In your science notebook, label your flower drawing, using the Flower Parts Drawing as a guide.

Now with the orange exacto knife, very, very carefully cut the pistil in half long ways. Place a few grains of pollen from the anther and the cut-open pistil in a petri dish and take it, along with your science notebook, to one of the microscopes. Observe the pollen and ovary of the pistil under magnification. Draw and label the pollen grains and the ovary with ovules on the next page of your science notebook.

After observing the pistil, tape it to your flower dissection sheet.

Elaboration:

Predictions about different flowers After you and your partner have completed dissecting and labeling the tulip, choose one of the other types of flowers from the bouquet and bring it back to your table to investigate.

Examine the new flower and draw it carefully in your science notebook.

Your Prediction: Predict if the new flower has all the same flower parts as the lily. Write your prediction down in your science notebook before beginning dissection.
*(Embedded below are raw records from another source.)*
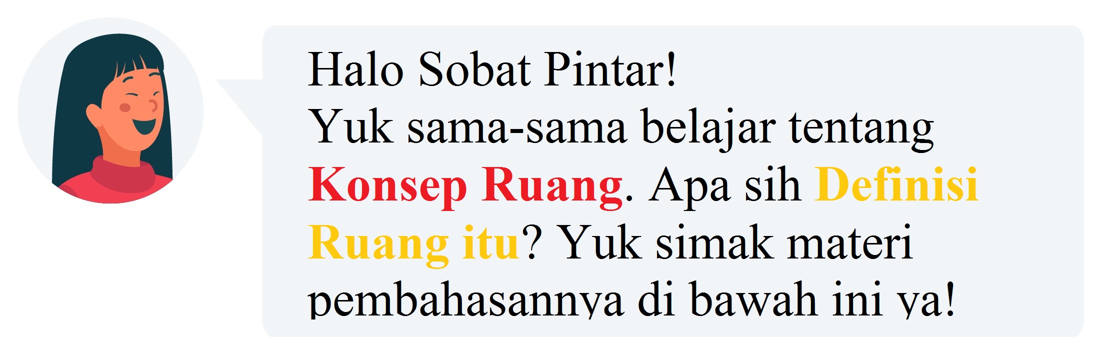 Biasanya kalian pasti familiar kan sama Ruang Kelas, Ruang Guru, Ruang Kepala Sekolah. Nah, itu juga termasuk ruang. Ruang juga bisa lebih luas loh jika berada pada permukaan bumi. Bisa berupa dataran rendah, dataran tinggi, pegunungan, dll.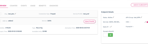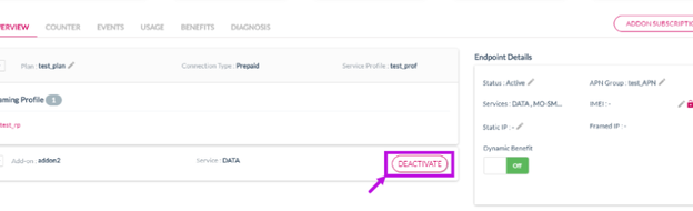 On the Endpoint screen, click Overview for deactivate Addon. Refer to the following screen.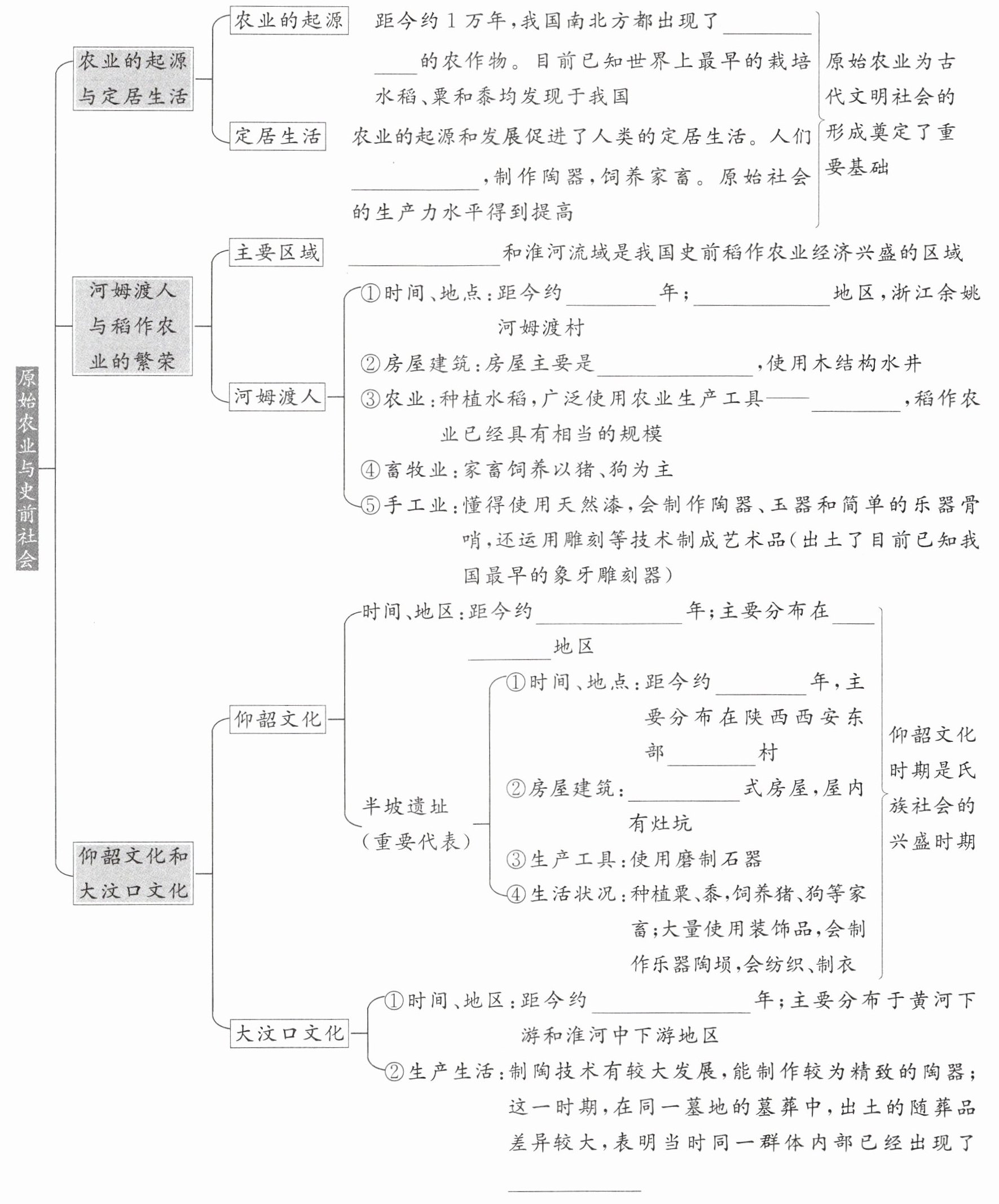 答案: 人工栽培 磨制石器 长江中下游 7000 长江下游 干栏式建筑 骨耜 7000—5000 黄河中游 6000 半坡 半地穴 5900—4400 贫富分化

Using a new Flower Dissection Sheet, repeat the dissection procedure with your new flower. When complete, go back to your science notebook and label the flower parts in your drawing.

Evaluate the new flower to see if your prediction is correct. Make a note about that in your notebook.

Evaluation:

Class Discussion:

What does a flower do for a plant?

There are a lot of flowers in the springtime, and a fewer flowers in the fall. Why would a plant put out flowers mostly in the springtime?

Review Questions: to be answered in class in your science notebook

1)

Why are flowers important for a plant?